NMBZ Holdings says it recorded a profit before tax of $11,8 million for the half-year ended June 30, 2018, resulting in total comprehensive income of $9 086 483.
This was an increase of 155 percent compared to the same period last year, when comprehensive income stood at $3 556 915. The group achieved earnings of 2,34 cents per share compared to 0,93 cents in the same period last year.
Ben Washaya, the group chief executive, on Tuesday said the operating environment had continued to be challenging due to nostro funding challenges, cash shortages and inflationary pressures.
He said there appeared to have been a wait and see attitude as the country moved towards the elections.
However, in the period leading up to the elections there had been greater openness than before. Economic reforms and engagement would be key in the period ahead.
Washaya noted that tobacco sales had reached a record high of 249 million kilogrammes.
“Gold appears to be heading in the same direction,” he said. The bank’s focus had been on increasing its customer base and transactional volumes. There had been a high level of transactional activities.
The non-performing loans ratio had come down from 10,7 percent at the end of June last year to 6,12 percent at June 30 this year.

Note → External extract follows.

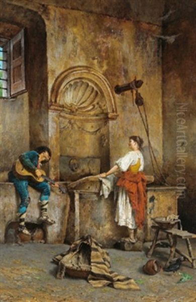 Bring the timeless beauty of Achille Guerra's Ein Standchen Am Brunnen into your home with a handmade oil painting reproduction. Carefully recreated on canvas by skilled artists using traditional techniques, this piece captures the delicate brushwork, subtle light, and vibrant color of the original masterpiece. With museum-level quality and rich texture, it brings elegance and artistic depth to any space. Enjoy free shipping and make this masterpiece a part of your personal collection.

The bank hoped to have reduced it to five percent by the end of this year.
Total deposits at June 30, 2018, amounted to $364 580 517 compared to $273 478 790 at June 30, 2017, and $348 956 385 at December 31, 2017.

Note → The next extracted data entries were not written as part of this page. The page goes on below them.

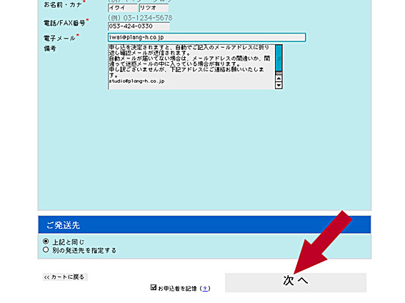 記入に間違いが無ければ、下の注文を完了するをクリックしてください。 | |
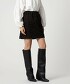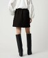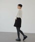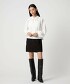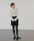 利用有著凸起表面感的緹花材質,完成狀態的迷你裙以極簡設計呈現。
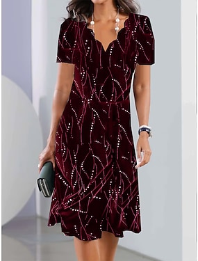 Damen Maxikleid Wickelkleid A Linie Kleid Elegant Formell Hochzeitsgast Cocktailparty Normale Passform Einfach Kurzarm V Ausschnitt Wein Sommer
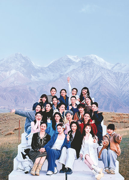 Female participants of the show pose against the backdrop of Kunlun Mountains in Northwest China's Xinjiang Uygur autonomous region.CHINA DAILY
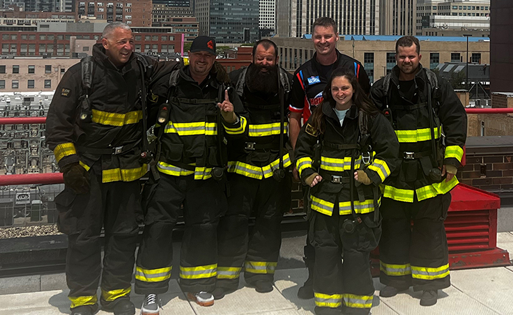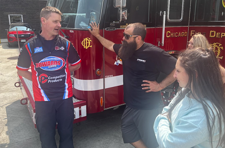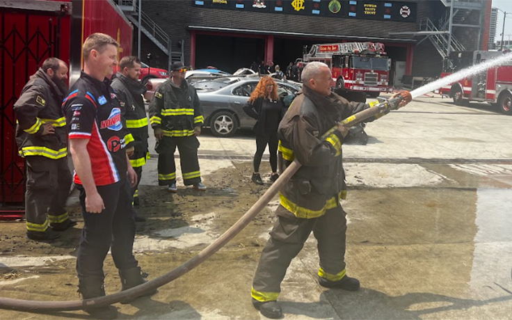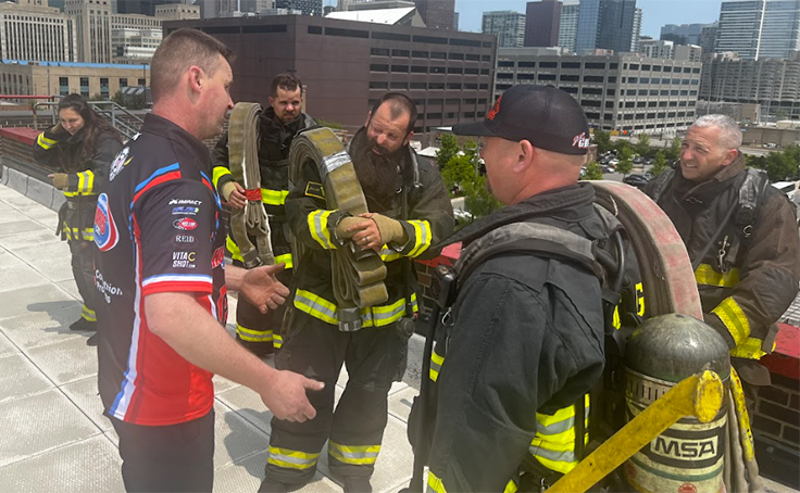 The group was outfitted in full fire protection gear, including air tanks which added just over 35 pounds to each driver plus a variety of firefighting tools before they took on the challenging “up and over” drill, which included five flights of stairs up a run across the top of the training facility and then five flights of stairs down to the main floor. The group paused for a photo with the famed Chicago skyline in the background before continuing with more drills. This event was something King has been planning since he broke onto the NHRA Funny Car scene in 2021.

NMBZ chief finance officer Benson Ndachena said the operating income of $29 999 523 in the first six months of the year was up 55 percent from the figure at the end of June 2017, which had been $19 343 790.

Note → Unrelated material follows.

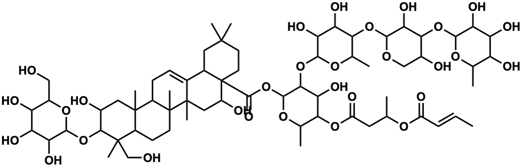InChI=1S/C67H106O30/c1-12-13-39(73)87-27(2)20-40(74)92-52-30(5)90-60(54(49(52)83)95-58-48(82)45(79)51(29(4)89-58)93-56-50(84)53(34(71)25-86-56)94-57-46(80)43(77)41(75)28(3)88-57)97-61(85)67-19-18-62(6,7)21-32(67)31-14-15-37-63(8)22-33(70)55(96-59-47(81)44(78)42(76)35(24-68)91-59)64(9,26-69)36(63)16-17-65(37,10)66(31,11)23-38(67)72/h12-14,27-30,32-38,41-60,68-72,75-84H,15-26H2,1-11H3/b13-12+ |
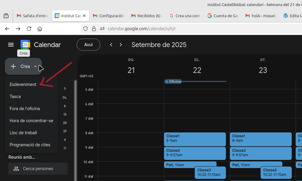 Accedeix al teu compte de Google i obre l’aplicació Calendar, després fes clic al botó “Crear”.

Operating expenses had increased by 23 percent due to expansion and related information communication technology costs and some one-off costs.
He said there had been a year on year growth of 17 percent in loans and advances, while investment securities were up by 306 percent.
Washaya said $10 million of the $15 million line of credit sourced by the bank last year from two European Developmental Financial Institutions and available to exporters had been accessed.
The draw down was lower than expected due to the need to match the facility with exporters, he said.
The bank’s capital adequacy ratio at 22,21 percent was down from its December 31, 2017 level of 24,26 percent but remained well above the regulatory minimum requirement of 12 percent.